MLA for Shelburne
- In office 1928–1941
- Preceded by: Ernest Reginald Nickerson Norman Emmons Smith
- Succeeded by: Wilfred Dauphinee

Personal details
- Born: March 27, 1870 Lockeport, Nova Scotia
- Died: December 16, 1942 (aged 72) Lockeport, Nova Scotia
- Party: Nova Scotia Liberal Party
- Occupation: wholesale fish merchant

= Henry R. L. Bill =

Canadian politician

Henry Ryder Locke Bill (March 27, 1870 – December 16, 1942) was a Canadian politician. He represented the electoral district of Shelburne in the Nova Scotia House of Assembly from 1928 to 1941. He was a member of the Nova Scotia Liberal Party.

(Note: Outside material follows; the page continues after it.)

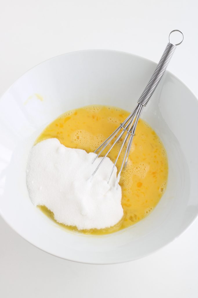 Na deze bewerking ga je door met het maken van de plumcake: breek 4 hele eieren in een kom.Klop de eieren met 2 potjes suiker met een garde tot je een gladde crème hebt.

Born in 1870 at Lockeport, Nova Scotia, Bill was a wholesale fish merchant by career. He married Ida L. Silver in 1895. Bill served as mayor of Lockeport from 1905 to 1912 and 1919–1924. Bill also served as a member of the Royal Fisheries Commission from 1927 to 1928.

Bill entered provincial politics in 1928, when he was elected in the dual-member Shelburne riding with Liberal Wishart McLea Robertson. He was re-elected in the now single-member Shelburne riding in the 1933 election. In the 1937 election, Bill was re-elected, defeating former Conservative MLA Norman Emmons Smith by 926 votes. He did not reoffer in the 1941 election. Bill died on December 16, 1942, at Lockeport.